RFC 2252, at this point, though not yet formally obsolete,
is effectively obsolete.  I suggest you read the revised
LDAP TS... which, of course, includes neither the binary
syntax nor the binary transfer option.

>>You can certainly modify slapd to require ;binary for all
>>values of the binary syntax, but in doing so, you may
>>break other applications which assume values of their
>>attributes of the binary syntax are to be transferred
>>without ;binary.   See 'certificate' syntax for an
>>example.
>
>I don't want slapd to _require_ ;binary. I want it to accept ;binary, if present. I can't see where in the LDAPv3 specs the use of ";binary" is forbidden for specific syntaxes.

Nor do the specifications specifically require implementations
to recognize ;binary for arbitrary syntaxes.  For instance, the
specifications do not require your client nor slapd
to recognize cn;binary or userPassword;binary.

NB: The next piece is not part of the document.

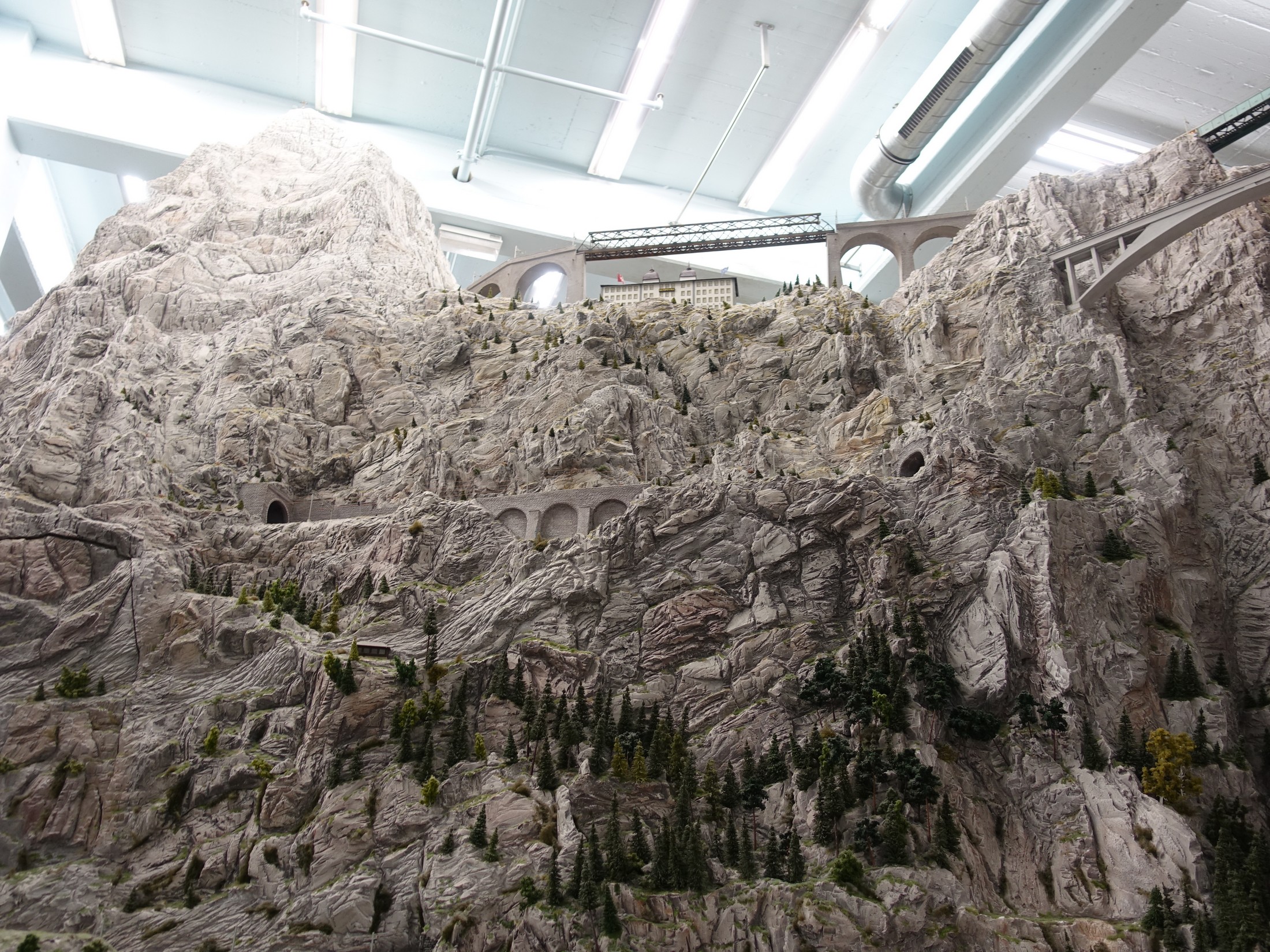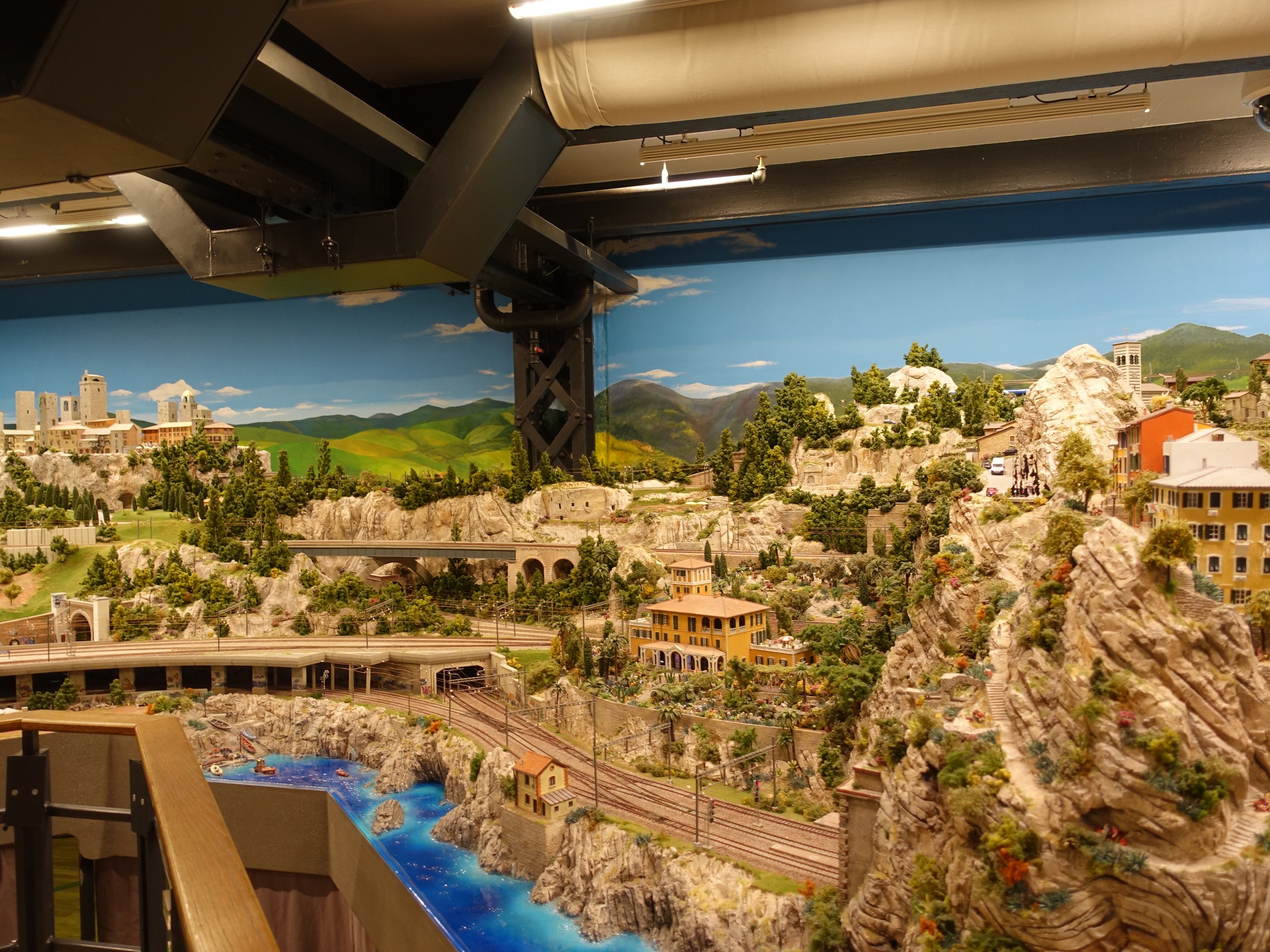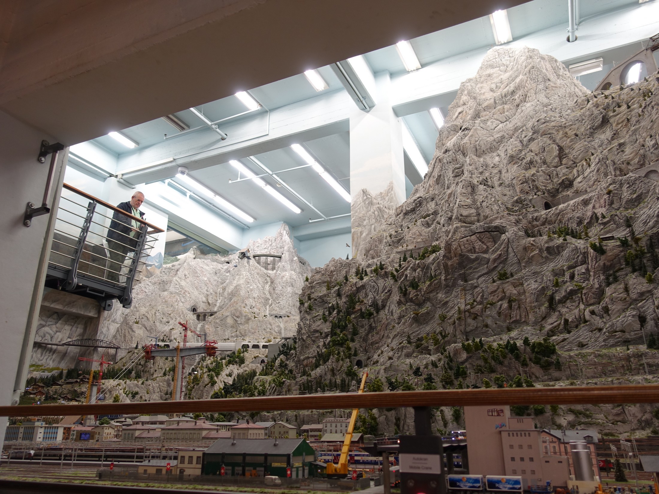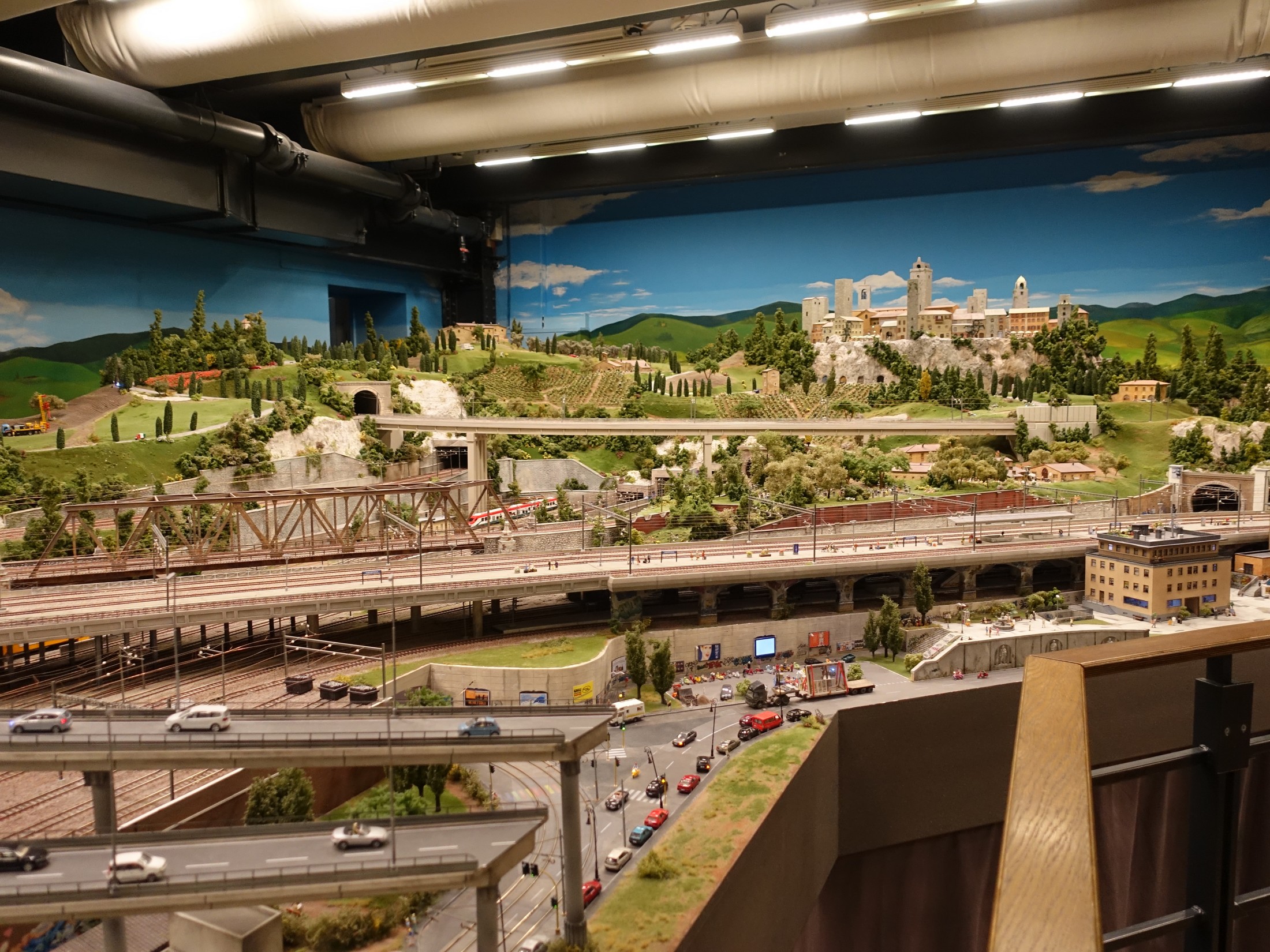 Co se týká modelové železnice, tak ta je bohužel v provozu jen v určité časy a nám to bohužel nevyšlo příliš dobře (čekali by jsme přes hodinu), tak jsme ji v provozu neviděli. Ale i tak je možné si modelovou železnici prohlédnout za skleněnými zdmi. Jedná se o modely ve větším měřítku než je H0, ale netroufám si odhadnout, co to bylo za měřítko. I proto modelová železnice působila trochu zvláštním dojmem a modely nebyly tak propracované, řekl bych, že to je spíše pro zábavu dětí, než dospělých modelářů.

Anyways, one certainly could hack slapd(8) to understand
the underlying ASN.1 for each syntax so that it can
convert between the ;binary encoding and the LDAP native
encoding freely, but it seems rather pointless.  ;binary
is deprecated.  It simply should not be used beyond
the few attribute types whose existing specifications
require it to be used.

>>However, I suggest you migrate to a modern specification
>>of attributeCertificateAttribute which, IIRC, uses the
>>attributeCertificate (which doesn't require/expect
>>use of ;binary).
>
>:-) The specifications that we are using haven't changed, as to my mind, and they do not actually mandate that ";binary" _should_ be used - this is up to LDAP to understand/require the suffix or not. And, as I said, the standard syntax for the attribute certificates is not understood (by any OpenLDAP implementation we tried through several years).

There is not yet a standard LDAP syntax for attribute certificates.

>Now, this is clearly very annoying that LDAP v2 allowed use of ";binary", 

Attribute description options such as ;binary are new to LDAPv3
and clearly invalid in LDAPv2.

>but understood the values without the suffix. The early openldap LDAP v3 implementations _required_ the attributes that are transmitted in binary, to have the suffix.  And now you are saying that we _can't_ use the suffix at all. Where's the truth? :-)

The truth is that the RFC 2252 specification of binary syntax
and the ;binary transfer option is flawed, and that the IETF
will, in due course, will published revised specifications.